Kruger Lou-Marié, Lourens Marleen
Department of Psychology, Stellenbosch University, Private Bag X1, Matieland, 7602, South Africa.
Clinical Psychology, Department of Psychology, Stellenbosch University, 1 Whitnall Street, Grahamstown, 6139, South Africa.
Cult Med Psychiatry. 2016 Mar;40(1):124-43. doi: 10.1007/s11013-015-9480-5.
It is widely assumed that the social and economic conditions of poverty can be linked to common mental disorders in low-, middle- and high-income countries.
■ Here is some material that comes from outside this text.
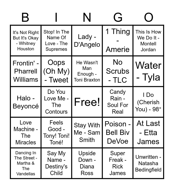 This bingo card has a free space and 97 words: Heard It Through The Grapevine - Marvin Gaye, Killing Me Softly With His Song - Fugees, September - Earth Wind & Fire, Do You Love Me - The Contours, My Boo - USHER, I've Got the Music in Me - Kiki Dee, Uh Huh - B2K, Billie Jean - Michael Jackson, Thinkin Bout You - Frank Ocean, No Diggity - Blackstreet, Yo - Chris Brown, Dilemma - Nelly, The Way I Are Timbaland, Love Machine - The Miracles, I Will Survive - Gloria Gaynor, It's Not Right But It's Okay - Whitney Houston, This Is How We Do It - Montell Jordan, Respect - Aretha Franklin, We Belong Together - Mariah Carey, I Wanna Love You - Akon, What You Want - Mase, Rolling in the Deep - Adele, Genie In a Bottle - Christina Aguilera, This Will Be (An Everlasting Love) - Natalie Cole, Please Mr. Postman - The Marvelettes, He Wasn't Man Enough - Toni Braxton, Dancing In The Street - Martha & The Vandellas, At Last - Etta James, Redbone - Childish Gambino, I've Got a Woman - Ray Charles, Oops (Oh My) - Tweet, 1 Thing - Amerie, Love Like This - Faith Evans, How Do I Breathe - Mario, Upside Down - Diana Ross, Stay With Me - Sam Smith, Crazy - Gnarls Barkley, 1 2 Step - Ciara, Ms. Jackson - Outkast, Halo - Beyoncé, Don't Let Go - En Vogue, I Do (Cherish You) - 98°, Easy - Commodores, Super Freak - Rick James, Feels Good - Tony! Toni! Toné!, All For You - Janet Jackson, Trick Me Radio Mix - Kelis, I Want You Back - The Jackson 5, Don't Wanna Go Home - Jason Derulo, Finesse - Bruno Mars, I Just Wanna Love U - JAY-Z, Family Affair - Mary J. Blige, Put Your Records On - Corinne Bailey Rae, My Girl - The Temptations, MILLION DOLLAR BABY - Tommy Richman, One In A Million - Aaliyah, The Boy Is Mine - Brandy, Stop! In The Name Of Love - The Supremes, Peaches & Cream - 112, Where the Party At - Jagged Edge, Somebody's Watching Me - Rockwell, Doo Wop - Ms. Lauryn Hill, Love On The Brain - Rihanna, No Role Modelz - J. Cole, Location - Khalid, Blame It - Jamie Foxx, Bad Habit - Steve Lacy, ocean eyes - Billie Eilish, I'll Make Love To You - Boyz II Men, Say My Name - Destiny's Child, No Scrubs - TLC, Blinding Lights - The Weeknd, All Night Long - Lionel Richie, Never Leave You - Lumidee, Lalala - BBNO$, Back To Black - Amy Winehouse, Just the Two of Us - Grover Washington, Trip - Ella Mai, Candy Rain - Soul For Real, Blurred Lines - Robin Thicke, Work It - Missy Elliott, Water - Tyla, Glamorous - Fergie, Snooze - SZA, Buy U a Drank - T-Pain, So Sick - Ne-Yo, Unwritten - Natasha Bedingfield, Signed Sealed Delivered - Stevie Wonder, Move Ya Body - Nina Sky, Forever Your Girl - Paula Abdul, Lady - D'Angelo, Always On Time - Ja Rule, Fallin' - Alicia Keys, Poison - Bell Biv DeVoe, Frontin' - Pharrell Williams, Best of My Love - The Emotions and Love Don't Cost a Thing - Jennifer Lopez.

Despite the considerable increase in quantitative studies investigating the link between poverty and mental health, the nature of the connection between poverty and emotional well-being/distress is still not fully comprehended. In this qualitative study, exploring how one group of Coloured South African women, diagnosed with depression and residing in a semi-rural low-income South African community, subjectively understand and experience their emotional distress, data was collected by means of in-depth semi-structured interviews and social constructionist grounded theory was used to analyse the data. We will attempt to show (1) that the depressed women in this group of respondents frequently refer to the emotional distress caused by hungry children and (2) that the emotional distress described by the respondents included emotions typically associated with depression (such as sadness, hopelessness and guilt), but also included emotions not necessarily associated with depression (such as anxiety, anger and anomie). In our attempt to understand (both psychologically and politically) the complex emotional response of mothers to their children's hunger, we argue that powerful gender and neo-liberal discourses within which mothers are interpellated to care for children, and more specifically, to make sure that children are not hungry, mean that the mothers of hungry children felt that they were not fulfilling their responsibilities and thus felt guilty and ashamed. This shame seemed, in turn, to lead to anger and/or anomie, informing acting out behaviours ranging from verbal and physical aggression to passive withdrawal. A vicious cycle of hunger, sadness and anxiety, shame, anger and anomie, aggression and withdrawal, negative judgement, and more shame, are thus maintained. As such, the unbearable rebukes of hungry children can be thought of as evoking a kind of "madness" in low-income mothers.
人们普遍认为,在低收入、中等收入和高收入国家,贫困的社会和经济状况可能与常见精神障碍有关。尽管调查贫困与心理健康之间联系的定量研究数量大幅增加,但贫困与情绪幸福/痛苦之间联系的本质仍未得到充分理解。在这项定性研究中,我们探索了一群被诊断患有抑郁症且居住在南非半农村低收入社区的有色人种南非女性如何主观理解和体验她们的情绪痛苦,通过深入的半结构化访谈收集数据,并运用社会建构主义扎根理论对数据进行分析。我们将试图表明:(1)在这组受访者中,患有抑郁症的女性经常提到饥饿孩子所带来的情绪痛苦;(2)受访者所描述的情绪痛苦不仅包括通常与抑郁症相关的情绪(如悲伤、绝望和内疚),还包括不一定与抑郁症相关的情绪(如焦虑、愤怒和失范)。在我们试图(从心理和政治角度)理解母亲对孩子饥饿的复杂情绪反应时,我们认为,强大的性别和新自由主义话语要求母亲照顾孩子,更具体地说,要确保孩子不饥饿,这意味着饥饿孩子的母亲觉得自己没有履行责任,因此感到内疚和羞愧。这种羞愧反过来似乎会导致愤怒和/或失范,引发从言语和身体攻击到被动退缩等一系列行为。于是,饥饿、悲伤与焦虑、羞愧、愤怒与失范、攻击与退缩、负面评判以及更多羞愧构成了一个恶性循环。因此,饥饿孩子难以承受的指责可以被视为在低收入母亲中引发了一种“疯狂”。